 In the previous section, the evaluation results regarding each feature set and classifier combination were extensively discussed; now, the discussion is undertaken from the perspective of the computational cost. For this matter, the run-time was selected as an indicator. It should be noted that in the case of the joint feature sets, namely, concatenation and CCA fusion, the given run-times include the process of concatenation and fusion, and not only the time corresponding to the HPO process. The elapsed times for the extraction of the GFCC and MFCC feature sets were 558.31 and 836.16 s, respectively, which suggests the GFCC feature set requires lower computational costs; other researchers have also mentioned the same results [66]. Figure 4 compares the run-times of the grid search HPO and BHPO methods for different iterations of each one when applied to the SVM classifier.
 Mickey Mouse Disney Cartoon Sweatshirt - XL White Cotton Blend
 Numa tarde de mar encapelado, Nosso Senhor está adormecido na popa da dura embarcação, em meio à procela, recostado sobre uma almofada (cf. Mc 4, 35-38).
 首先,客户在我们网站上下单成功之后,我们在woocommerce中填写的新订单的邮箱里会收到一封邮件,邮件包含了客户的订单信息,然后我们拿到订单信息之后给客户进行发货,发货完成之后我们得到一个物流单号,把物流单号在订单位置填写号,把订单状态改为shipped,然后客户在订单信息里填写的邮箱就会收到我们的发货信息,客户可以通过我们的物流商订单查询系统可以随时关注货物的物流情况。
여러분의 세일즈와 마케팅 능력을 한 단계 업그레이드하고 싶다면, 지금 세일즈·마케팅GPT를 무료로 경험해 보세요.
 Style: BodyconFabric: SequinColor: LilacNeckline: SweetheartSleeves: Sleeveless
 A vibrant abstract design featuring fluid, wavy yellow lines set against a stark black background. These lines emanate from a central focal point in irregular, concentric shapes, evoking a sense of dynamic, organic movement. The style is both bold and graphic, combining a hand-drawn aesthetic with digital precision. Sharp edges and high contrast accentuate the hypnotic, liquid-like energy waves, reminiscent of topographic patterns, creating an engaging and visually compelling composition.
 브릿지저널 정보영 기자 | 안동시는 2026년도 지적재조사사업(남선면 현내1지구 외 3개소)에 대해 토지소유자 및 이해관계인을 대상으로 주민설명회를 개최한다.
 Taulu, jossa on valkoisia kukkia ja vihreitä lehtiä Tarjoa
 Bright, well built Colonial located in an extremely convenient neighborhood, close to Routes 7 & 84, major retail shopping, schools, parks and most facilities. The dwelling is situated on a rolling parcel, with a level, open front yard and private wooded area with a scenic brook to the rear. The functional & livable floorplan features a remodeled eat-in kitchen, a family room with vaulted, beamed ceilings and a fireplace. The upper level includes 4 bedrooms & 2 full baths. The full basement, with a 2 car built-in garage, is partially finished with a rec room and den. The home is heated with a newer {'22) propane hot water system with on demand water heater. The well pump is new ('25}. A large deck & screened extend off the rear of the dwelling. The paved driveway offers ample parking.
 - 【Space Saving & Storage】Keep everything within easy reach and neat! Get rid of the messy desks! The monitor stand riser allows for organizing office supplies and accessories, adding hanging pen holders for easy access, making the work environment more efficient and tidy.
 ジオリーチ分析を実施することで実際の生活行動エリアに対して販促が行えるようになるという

##########

= What to work on =
After locating the line holding "여러분의 세일즈와 마케팅" above, output exactly that line and every line after it through the line holding "LilacNeckline: SweetheartSleeves: Sleeveless". Include nothing else.

= Exercise output =
여러분의 세일즈와 마케팅 능력을 한 단계 업그레이드하고 싶다면, 지금 세일즈·마케팅GPT를 무료로 경험해 보세요.
 Style: BodyconFabric: SequinColor: LilacNeckline: SweetheartSleeves: Sleeveless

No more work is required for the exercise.